#### Your goal:
Word for word, the data below must be repeated in full; no picture is to be included.

#### Supplied material:
:::

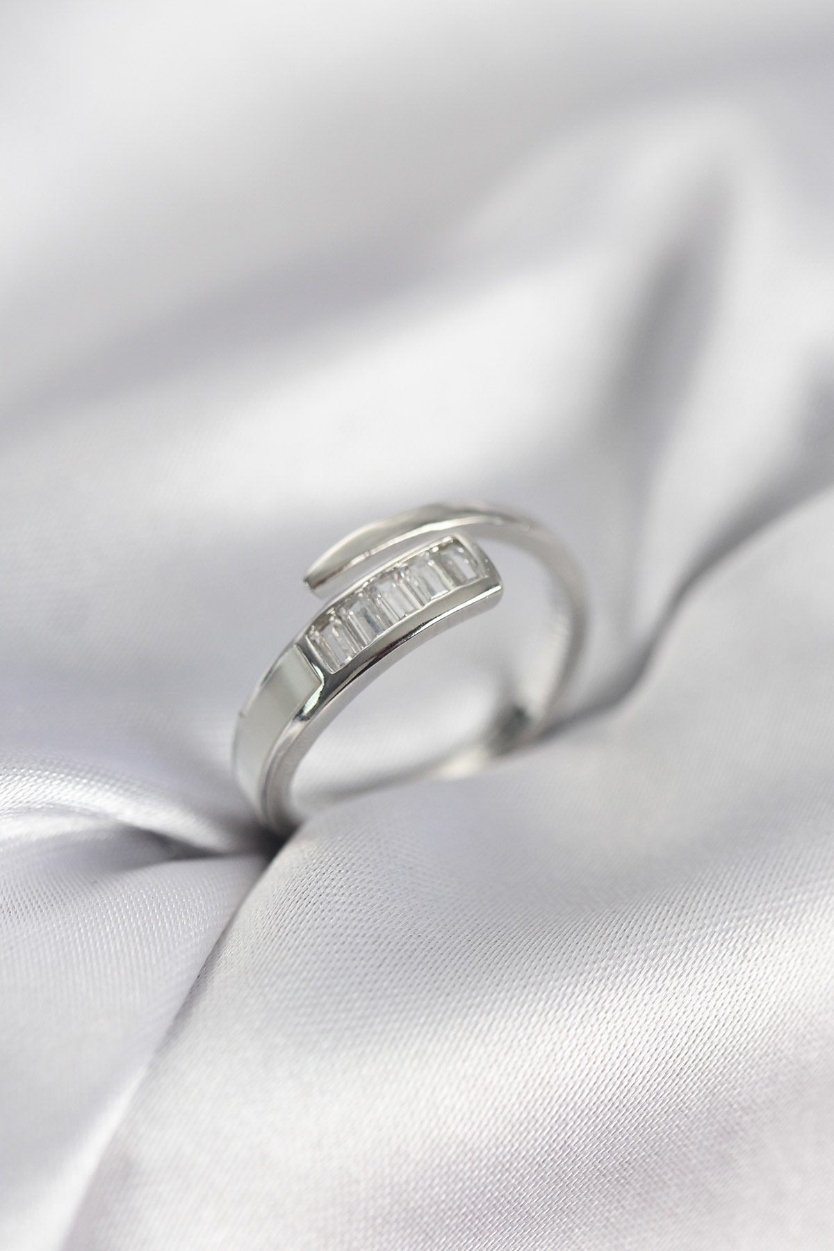 Baget Zirkon Taşlı Gümüş Renk Kadın Yüzük - TJ-BYK3968
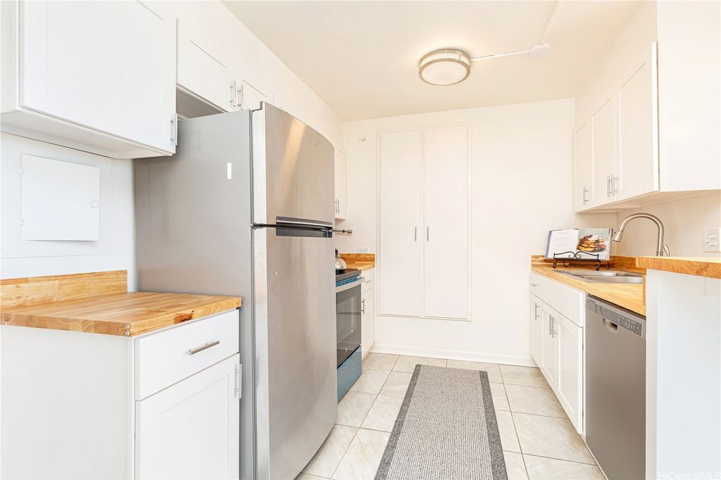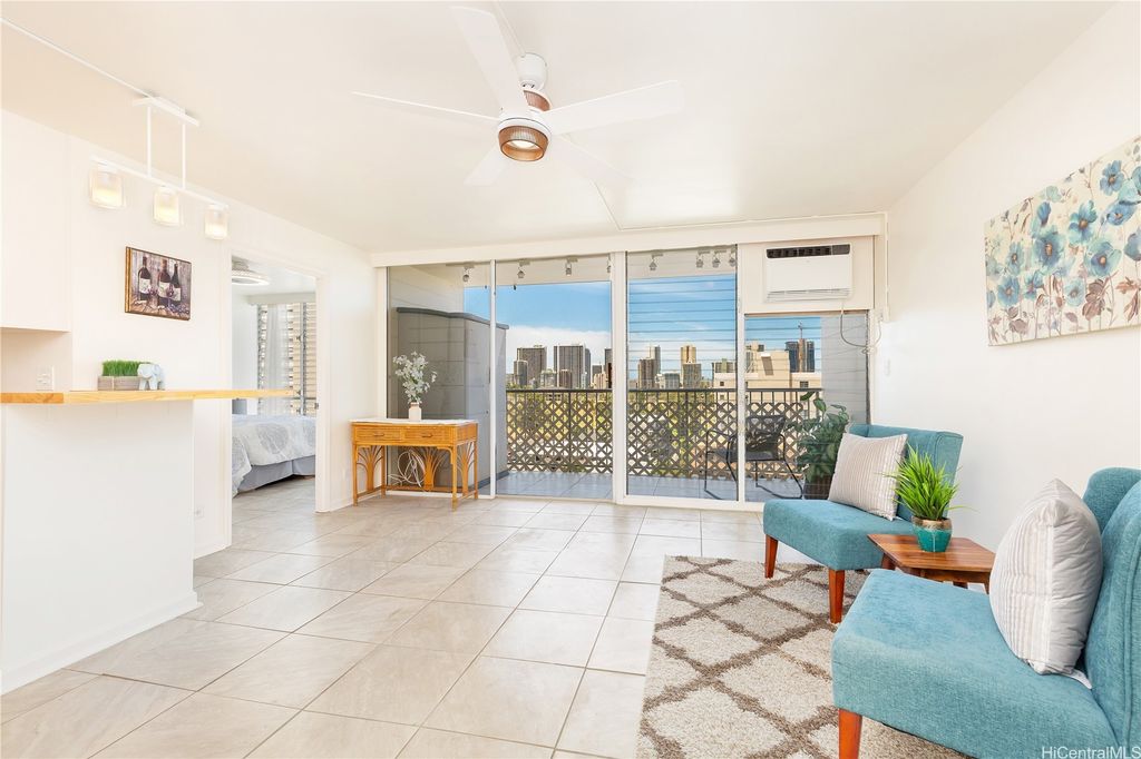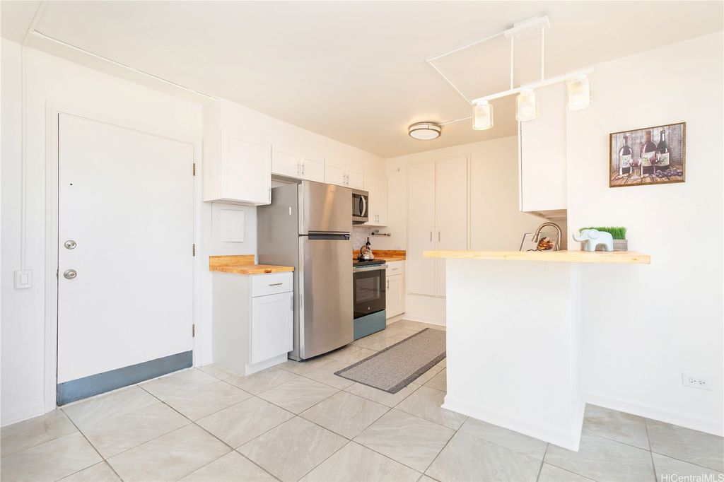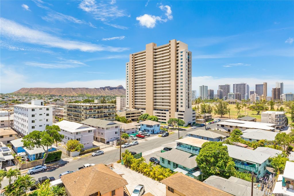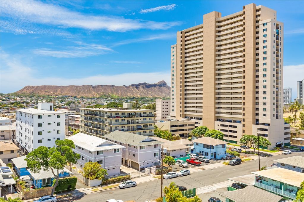 MOTIVATED SELLER!! Renovated Penthouse Unit at Sun Hala with stunning views of Diamond Head and the Ala Wai Golf Course. This 1-bed, 1-bath condo features new kitchen countertops, appliances, bathroom vanity, ceiling fan, and a brand new LG window A/C unit. Located on the top floor with only four units, offering added privacy. This pet friendly building (verify) has a Community Washer/Dryer on every floor, with one just outside the unit. Includes 1 assigned parking stall in a secured garage, keyed building and elevator access, recreation area, and car wash station. Conveniently located near Waikiki, Kapi?olani Park, and the shops and restaurants of Kapahulu. Move-in ready and ideally positioned for island living!
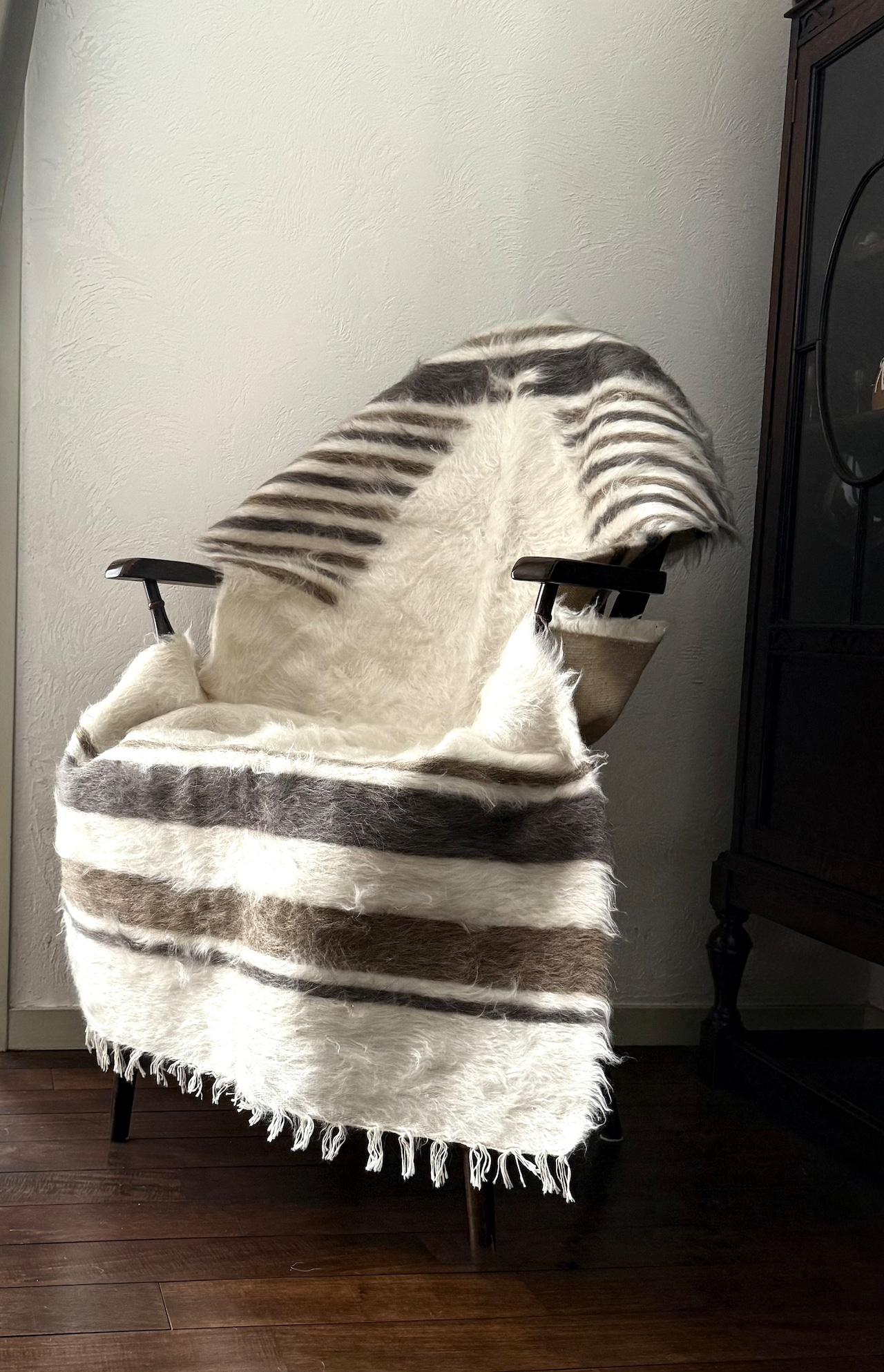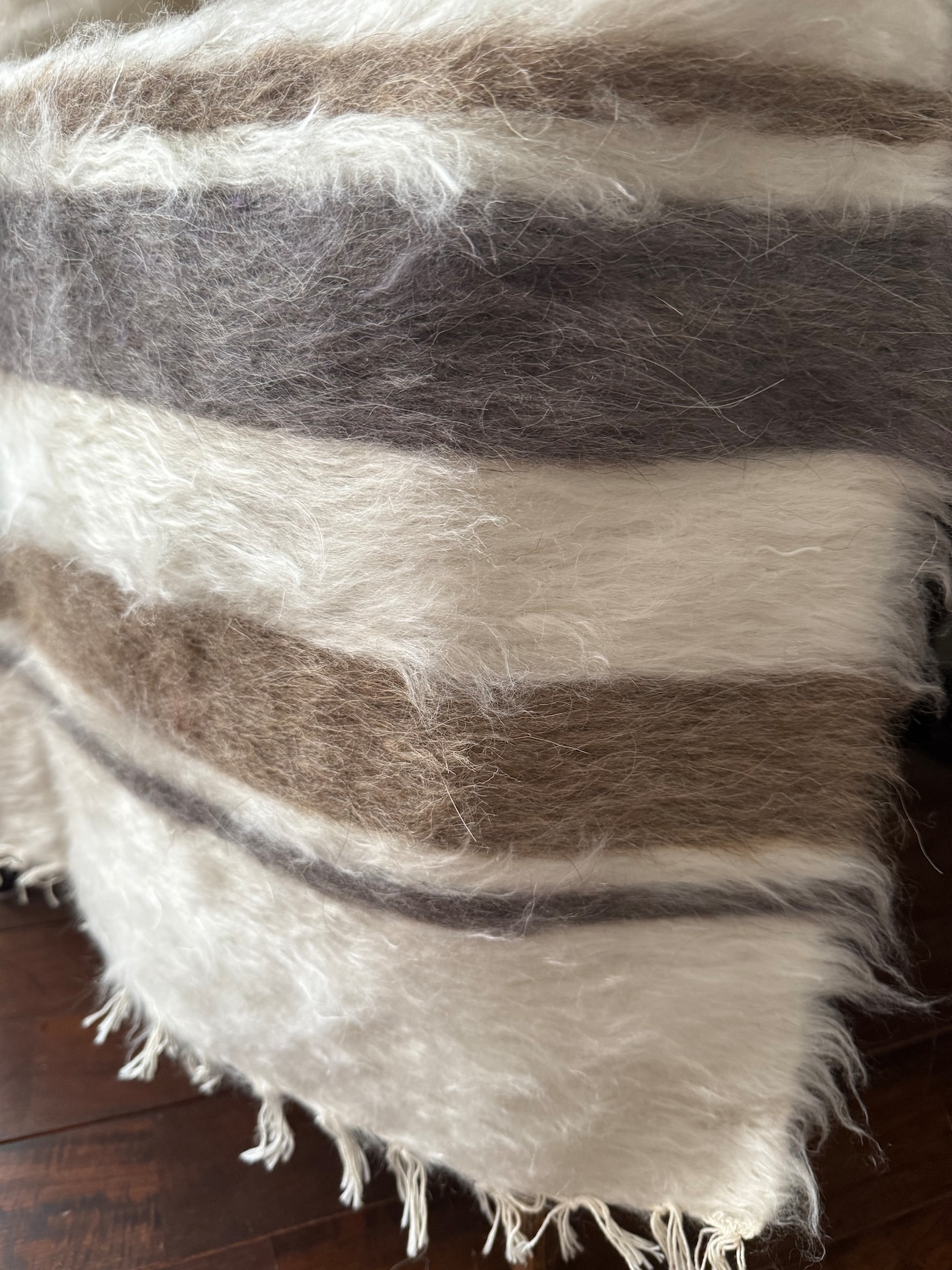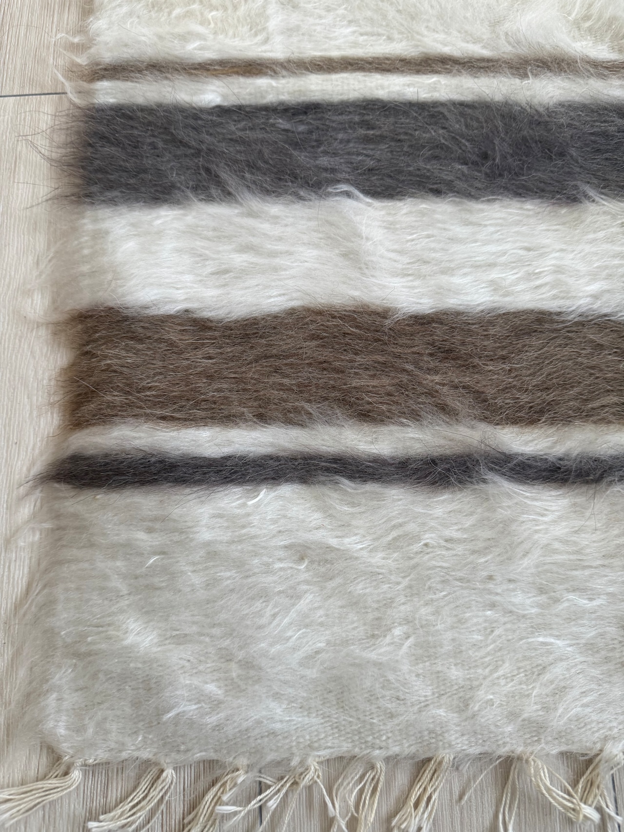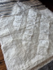 バッターニエは、アンゴラ山羊の毛で織られています。こちらはホワイト部分が特にとてもやわらかく、ちくちく感を感じませんでしたが、感覚には個人差がありますのでご了承ください。

:::

#### Answer section:
 Baget Zirkon Taşlı Gümüş Renk Kadın Yüzük - TJ-BYK3968
 MOTIVATED SELLER!! Renovated Penthouse Unit at Sun Hala with stunning views of Diamond Head and the Ala Wai Golf Course. This 1-bed, 1-bath condo features new kitchen countertops, appliances, bathroom vanity, ceiling fan, and a brand new LG window A/C unit. Located on the top floor with only four units, offering added privacy. This pet friendly building (verify) has a Community Washer/Dryer on every floor, with one just outside the unit. Includes 1 assigned parking stall in a secured garage, keyed building and elevator access, recreation area, and car wash station. Conveniently located near Waikiki, Kapi?olani Park, and the shops and restaurants of Kapahulu. Move-in ready and ideally positioned for island living!
 バッターニエは、アンゴラ山羊の毛で織られています。こちらはホワイト部分が特にとてもやわらかく、ちくちく感を感じませんでしたが、感覚には個人差がありますのでご了承ください。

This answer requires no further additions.